[[ Exercise data open ]]

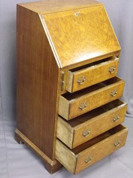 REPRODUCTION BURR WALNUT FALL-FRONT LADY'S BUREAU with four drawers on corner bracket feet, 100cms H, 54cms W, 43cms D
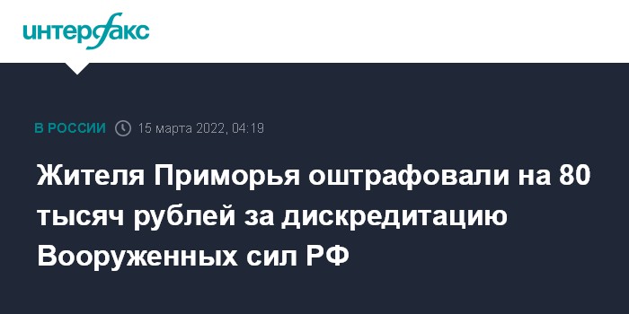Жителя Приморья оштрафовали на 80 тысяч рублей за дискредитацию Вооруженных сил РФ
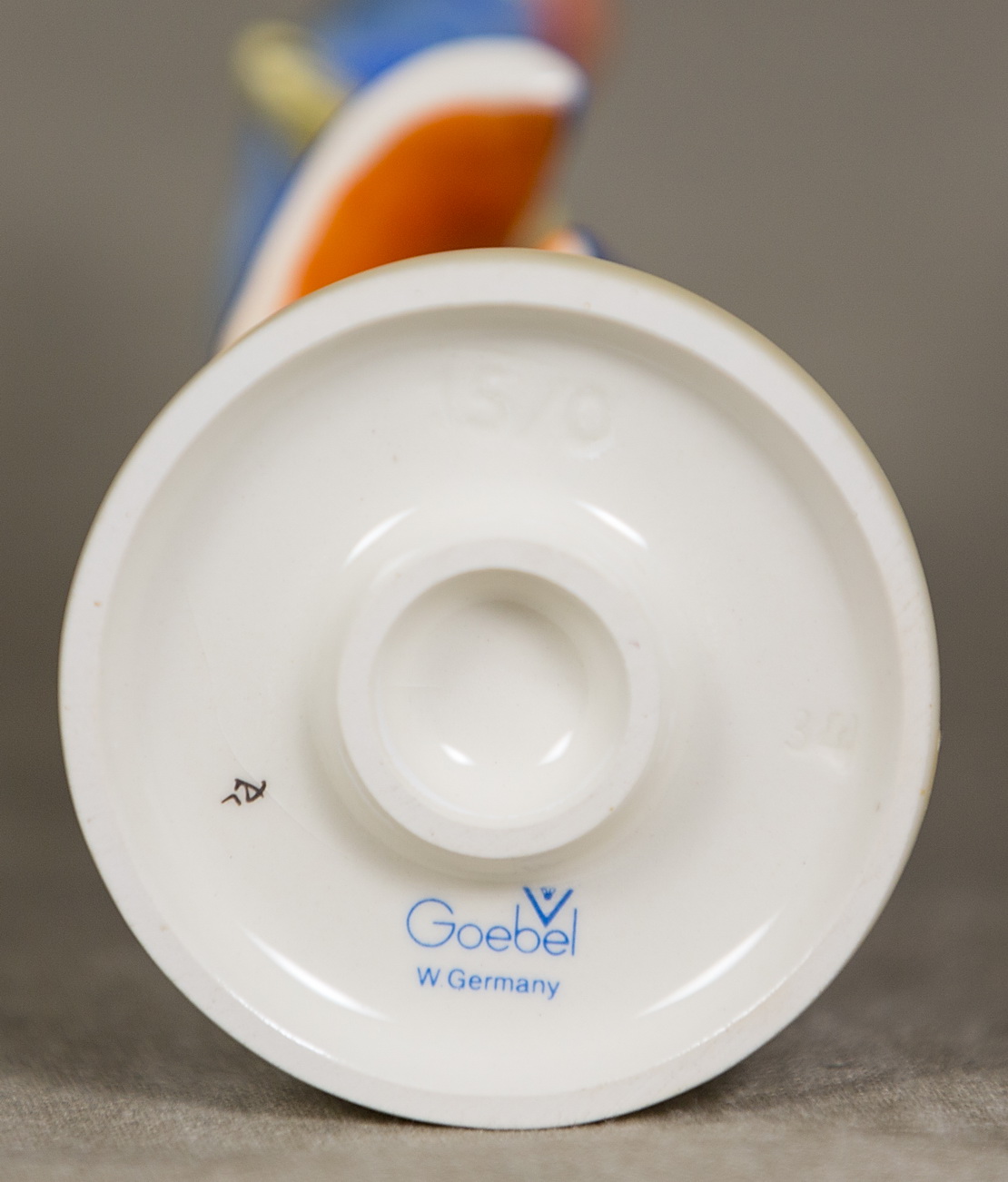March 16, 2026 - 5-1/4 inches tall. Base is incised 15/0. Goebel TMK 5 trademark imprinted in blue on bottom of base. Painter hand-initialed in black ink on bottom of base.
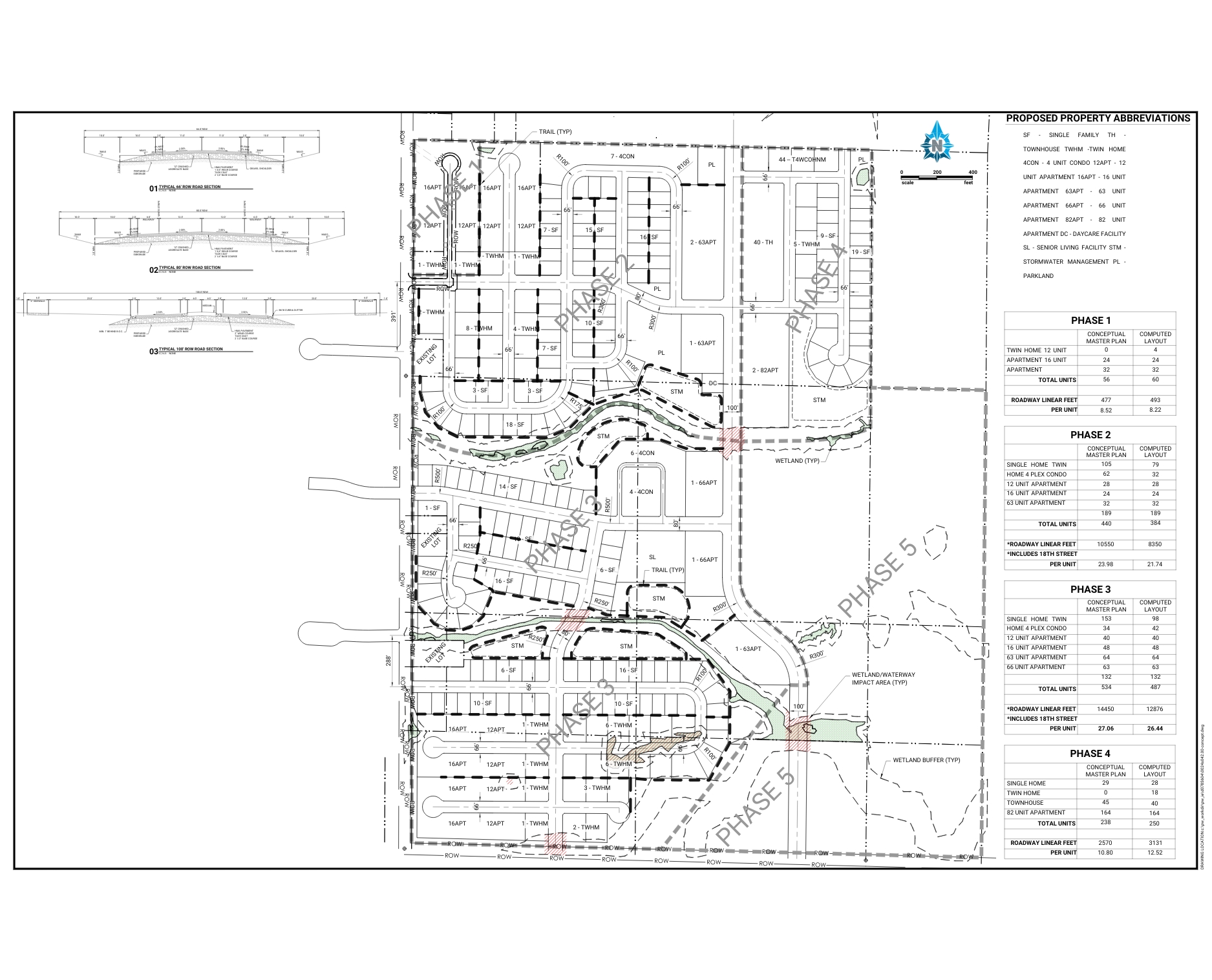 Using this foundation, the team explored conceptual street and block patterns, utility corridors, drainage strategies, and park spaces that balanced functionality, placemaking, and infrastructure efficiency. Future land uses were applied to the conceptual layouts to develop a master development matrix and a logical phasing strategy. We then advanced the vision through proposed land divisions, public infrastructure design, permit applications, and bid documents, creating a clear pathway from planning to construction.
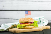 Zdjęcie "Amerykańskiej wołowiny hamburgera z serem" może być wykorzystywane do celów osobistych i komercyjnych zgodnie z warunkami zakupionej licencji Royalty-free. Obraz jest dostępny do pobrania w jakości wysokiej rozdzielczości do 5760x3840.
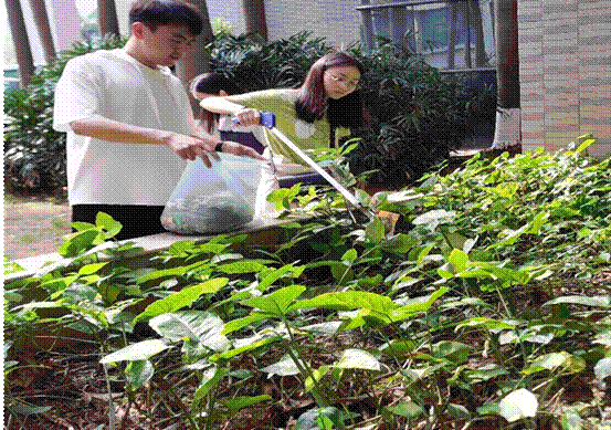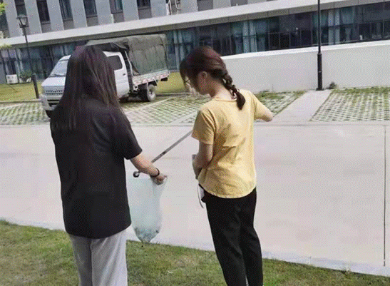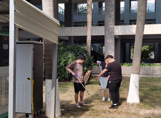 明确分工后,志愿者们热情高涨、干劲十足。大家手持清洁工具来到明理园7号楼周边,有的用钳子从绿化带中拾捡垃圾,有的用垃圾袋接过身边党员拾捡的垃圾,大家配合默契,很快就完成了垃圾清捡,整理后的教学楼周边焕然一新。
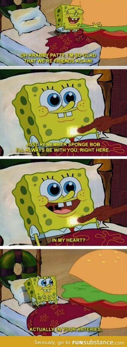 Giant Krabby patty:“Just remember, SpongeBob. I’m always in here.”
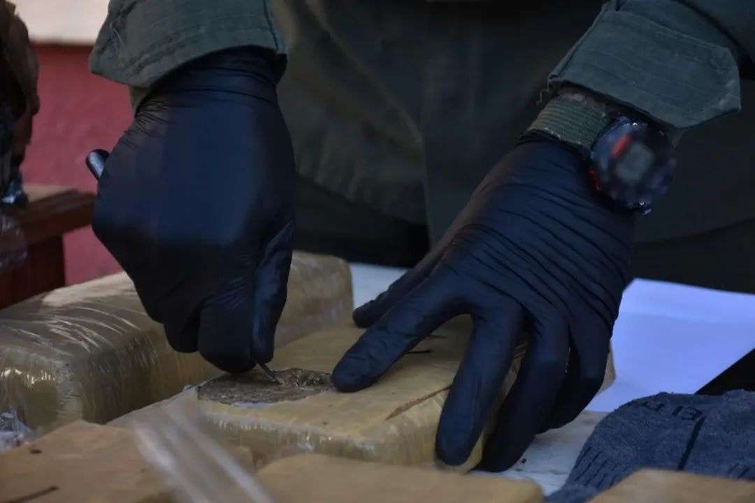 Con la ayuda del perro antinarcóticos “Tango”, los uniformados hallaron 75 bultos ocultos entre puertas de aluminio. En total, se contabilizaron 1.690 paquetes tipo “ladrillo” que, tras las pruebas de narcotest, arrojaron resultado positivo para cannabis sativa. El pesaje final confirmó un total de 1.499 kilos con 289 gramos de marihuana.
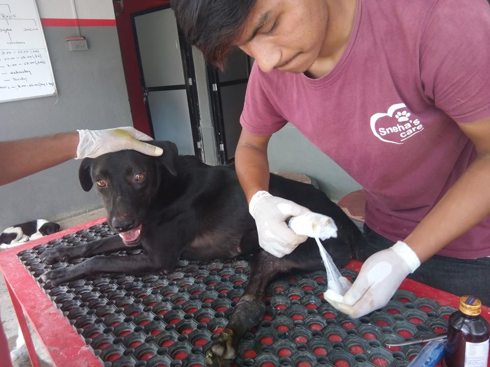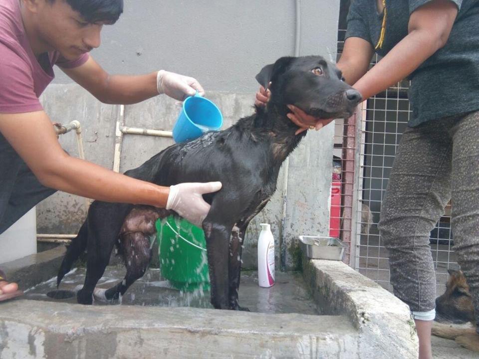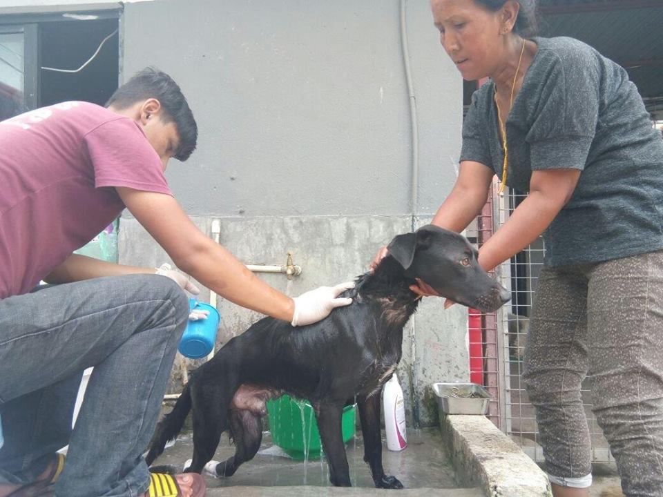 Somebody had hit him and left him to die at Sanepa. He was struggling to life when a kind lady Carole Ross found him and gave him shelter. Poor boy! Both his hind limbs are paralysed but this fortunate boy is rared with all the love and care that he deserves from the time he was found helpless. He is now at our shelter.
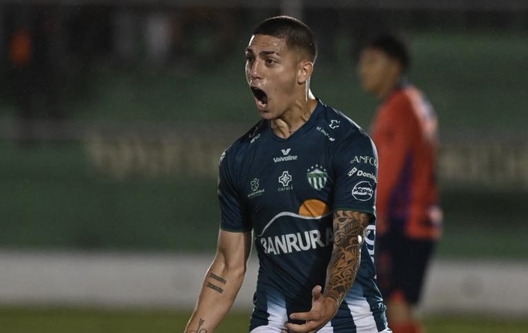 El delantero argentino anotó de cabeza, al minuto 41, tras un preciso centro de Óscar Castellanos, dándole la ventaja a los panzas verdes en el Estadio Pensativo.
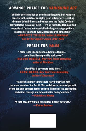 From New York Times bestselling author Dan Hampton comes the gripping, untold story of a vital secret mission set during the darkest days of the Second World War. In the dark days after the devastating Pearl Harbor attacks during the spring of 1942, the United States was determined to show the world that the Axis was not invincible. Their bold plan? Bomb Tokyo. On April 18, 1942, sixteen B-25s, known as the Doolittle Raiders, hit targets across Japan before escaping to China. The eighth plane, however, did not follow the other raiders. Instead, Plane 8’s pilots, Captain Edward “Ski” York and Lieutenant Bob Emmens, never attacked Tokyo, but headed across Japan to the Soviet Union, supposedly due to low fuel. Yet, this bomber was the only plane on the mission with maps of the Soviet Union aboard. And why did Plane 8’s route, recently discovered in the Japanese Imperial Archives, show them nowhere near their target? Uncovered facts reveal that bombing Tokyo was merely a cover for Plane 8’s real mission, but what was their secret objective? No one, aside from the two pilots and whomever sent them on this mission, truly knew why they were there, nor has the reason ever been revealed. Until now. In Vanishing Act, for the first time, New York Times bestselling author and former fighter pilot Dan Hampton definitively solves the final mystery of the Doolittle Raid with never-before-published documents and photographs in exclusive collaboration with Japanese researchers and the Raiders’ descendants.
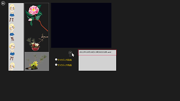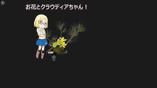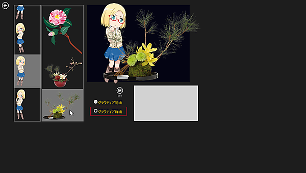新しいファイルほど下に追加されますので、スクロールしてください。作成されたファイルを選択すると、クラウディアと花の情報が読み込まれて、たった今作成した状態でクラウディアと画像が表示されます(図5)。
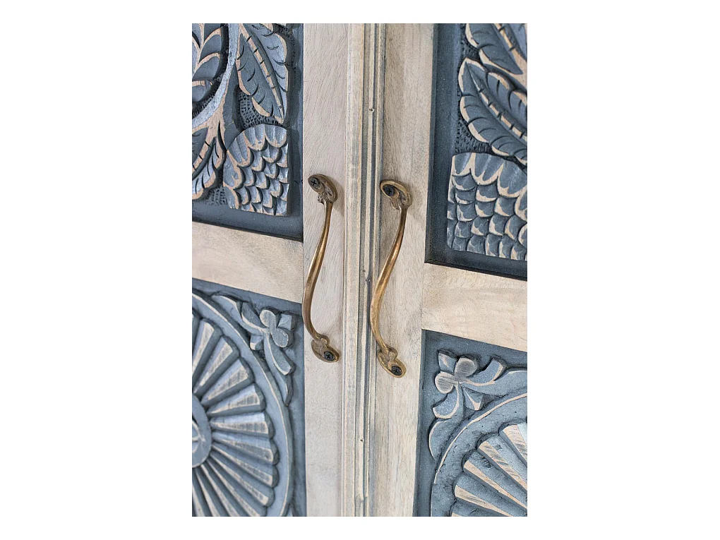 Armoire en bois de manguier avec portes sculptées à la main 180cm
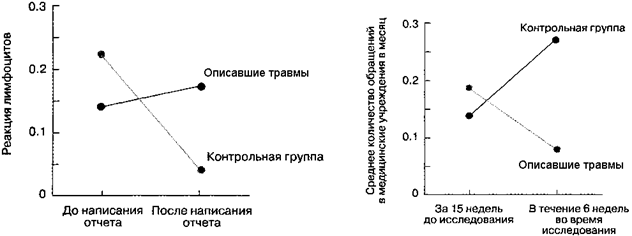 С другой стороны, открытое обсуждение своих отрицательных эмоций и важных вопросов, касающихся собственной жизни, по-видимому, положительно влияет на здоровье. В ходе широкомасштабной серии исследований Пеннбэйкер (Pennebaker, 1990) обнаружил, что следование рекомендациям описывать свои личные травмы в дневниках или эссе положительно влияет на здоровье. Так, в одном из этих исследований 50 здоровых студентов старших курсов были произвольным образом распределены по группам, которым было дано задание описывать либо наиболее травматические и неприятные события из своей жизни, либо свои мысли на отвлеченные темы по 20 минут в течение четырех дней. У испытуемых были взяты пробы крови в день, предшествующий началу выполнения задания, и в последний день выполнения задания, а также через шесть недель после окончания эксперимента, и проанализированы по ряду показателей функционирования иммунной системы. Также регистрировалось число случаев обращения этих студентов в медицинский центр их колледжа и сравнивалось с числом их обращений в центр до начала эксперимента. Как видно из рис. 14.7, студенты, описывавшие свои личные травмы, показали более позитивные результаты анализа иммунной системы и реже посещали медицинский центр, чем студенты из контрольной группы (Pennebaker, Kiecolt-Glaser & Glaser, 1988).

[[ Exercise data closed ]]

### Your goal
Restate the data above exactly, stripping out each image.

### Expected answer
 REPRODUCTION BURR WALNUT FALL-FRONT LADY'S BUREAU with four drawers on corner bracket feet, 100cms H, 54cms W, 43cms D
Жителя Приморья оштрафовали на 80 тысяч рублей за дискредитацию Вооруженных сил РФ
March 16, 2026 - 5-1/4 inches tall. Base is incised 15/0. Goebel TMK 5 trademark imprinted in blue on bottom of base. Painter hand-initialed in black ink on bottom of base.
 Using this foundation, the team explored conceptual street and block patterns, utility corridors, drainage strategies, and park spaces that balanced functionality, placemaking, and infrastructure efficiency. Future land uses were applied to the conceptual layouts to develop a master development matrix and a logical phasing strategy. We then advanced the vision through proposed land divisions, public infrastructure design, permit applications, and bid documents, creating a clear pathway from planning to construction.
 Zdjęcie "Amerykańskiej wołowiny hamburgera z serem" może być wykorzystywane do celów osobistych i komercyjnych zgodnie z warunkami zakupionej licencji Royalty-free. Obraz jest dostępny do pobrania w jakości wysokiej rozdzielczości do 5760x3840.
 明确分工后,志愿者们热情高涨、干劲十足。大家手持清洁工具来到明理园7号楼周边,有的用钳子从绿化带中拾捡垃圾,有的用垃圾袋接过身边党员拾捡的垃圾,大家配合默契,很快就完成了垃圾清捡,整理后的教学楼周边焕然一新。
 Giant Krabby patty:“Just remember, SpongeBob. I’m always in here.”
 Con la ayuda del perro antinarcóticos “Tango”, los uniformados hallaron 75 bultos ocultos entre puertas de aluminio. En total, se contabilizaron 1.690 paquetes tipo “ladrillo” que, tras las pruebas de narcotest, arrojaron resultado positivo para cannabis sativa. El pesaje final confirmó un total de 1.499 kilos con 289 gramos de marihuana.
 Somebody had hit him and left him to die at Sanepa. He was struggling to life when a kind lady Carole Ross found him and gave him shelter. Poor boy! Both his hind limbs are paralysed but this fortunate boy is rared with all the love and care that he deserves from the time he was found helpless. He is now at our shelter.
 El delantero argentino anotó de cabeza, al minuto 41, tras un preciso centro de Óscar Castellanos, dándole la ventaja a los panzas verdes en el Estadio Pensativo.
 From New York Times bestselling author Dan Hampton comes the gripping, untold story of a vital secret mission set during the darkest days of the Second World War. In the dark days after the devastating Pearl Harbor attacks during the spring of 1942, the United States was determined to show the world that the Axis was not invincible. Their bold plan? Bomb Tokyo. On April 18, 1942, sixteen B-25s, known as the Doolittle Raiders, hit targets across Japan before escaping to China. The eighth plane, however, did not follow the other raiders. Instead, Plane 8’s pilots, Captain Edward “Ski” York and Lieutenant Bob Emmens, never attacked Tokyo, but headed across Japan to the Soviet Union, supposedly due to low fuel. Yet, this bomber was the only plane on the mission with maps of the Soviet Union aboard. And why did Plane 8’s route, recently discovered in the Japanese Imperial Archives, show them nowhere near their target? Uncovered facts reveal that bombing Tokyo was merely a cover for Plane 8’s real mission, but what was their secret objective? No one, aside from the two pilots and whomever sent them on this mission, truly knew why they were there, nor has the reason ever been revealed. Until now. In Vanishing Act, for the first time, New York Times bestselling author and former fighter pilot Dan Hampton definitively solves the final mystery of the Doolittle Raid with never-before-published documents and photographs in exclusive collaboration with Japanese researchers and the Raiders’ descendants.
新しいファイルほど下に追加されますので、スクロールしてください。作成されたファイルを選択すると、クラウディアと花の情報が読み込まれて、たった今作成した状態でクラウディアと画像が表示されます(図5)。
 Armoire en bois de manguier avec portes sculptées à la main 180cm
 С другой стороны, открытое обсуждение своих отрицательных эмоций и важных вопросов, касающихся собственной жизни, по-видимому, положительно влияет на здоровье. В ходе широкомасштабной серии исследований Пеннбэйкер (Pennebaker, 1990) обнаружил, что следование рекомендациям описывать свои личные травмы в дневниках или эссе положительно влияет на здоровье. Так, в одном из этих исследований 50 здоровых студентов старших курсов были произвольным образом распределены по группам, которым было дано задание описывать либо наиболее травматические и неприятные события из своей жизни, либо свои мысли на отвлеченные темы по 20 минут в течение четырех дней. У испытуемых были взяты пробы крови в день, предшествующий началу выполнения задания, и в последний день выполнения задания, а также через шесть недель после окончания эксперимента, и проанализированы по ряду показателей функционирования иммунной системы. Также регистрировалось число случаев обращения этих студентов в медицинский центр их колледжа и сравнивалось с числом их обращений в центр до начала эксперимента. Как видно из рис. 14.7, студенты, описывавшие свои личные травмы, показали более позитивные результаты анализа иммунной системы и реже посещали медицинский центр, чем студенты из контрольной группы (Pennebaker, Kiecolt-Glaser & Glaser, 1988).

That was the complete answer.